> _GIVEN MATERIAL_
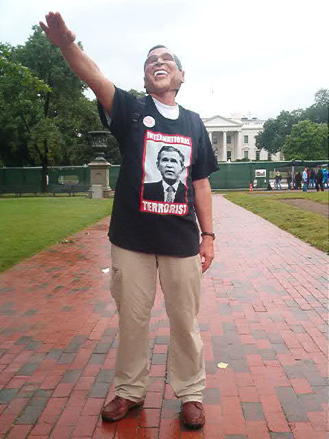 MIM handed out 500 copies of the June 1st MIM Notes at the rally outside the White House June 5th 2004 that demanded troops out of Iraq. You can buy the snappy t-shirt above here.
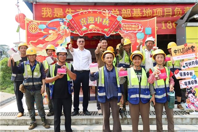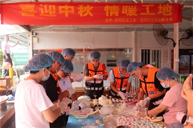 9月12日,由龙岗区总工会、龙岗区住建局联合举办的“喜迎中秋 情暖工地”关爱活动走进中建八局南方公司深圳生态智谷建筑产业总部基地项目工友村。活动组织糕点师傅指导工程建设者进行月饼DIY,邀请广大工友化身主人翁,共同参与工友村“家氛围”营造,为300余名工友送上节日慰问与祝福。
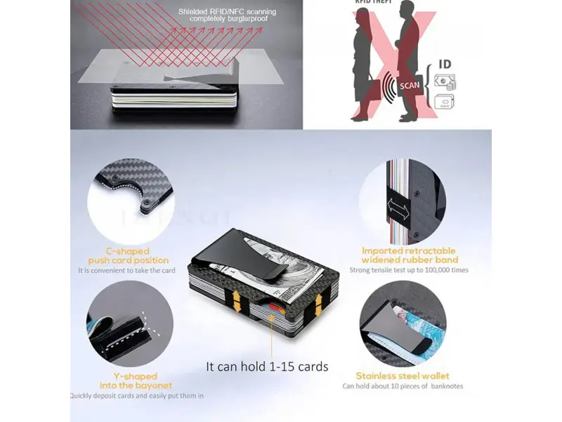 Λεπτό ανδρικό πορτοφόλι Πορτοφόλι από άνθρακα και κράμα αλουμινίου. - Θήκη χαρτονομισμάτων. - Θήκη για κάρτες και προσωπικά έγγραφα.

> _PROBLEM DESCRIPTION_
Once you have returned the line containing "9月12日,由龙岗区总工会、", stop; begin at the first line of the material, keep each line exact, and skip the pictures.

> _FINISHED TASK_
 MIM handed out 500 copies of the June 1st MIM Notes at the rally outside the White House June 5th 2004 that demanded troops out of Iraq. You can buy the snappy t-shirt above here.
 9月12日,由龙岗区总工会、龙岗区住建局联合举办的“喜迎中秋 情暖工地”关爱活动走进中建八局南方公司深圳生态智谷建筑产业总部基地项目工友村。活动组织糕点师傅指导工程建设者进行月饼DIY,邀请广大工友化身主人翁,共同参与工友村“家氛围”营造,为300余名工友送上节日慰问与祝福。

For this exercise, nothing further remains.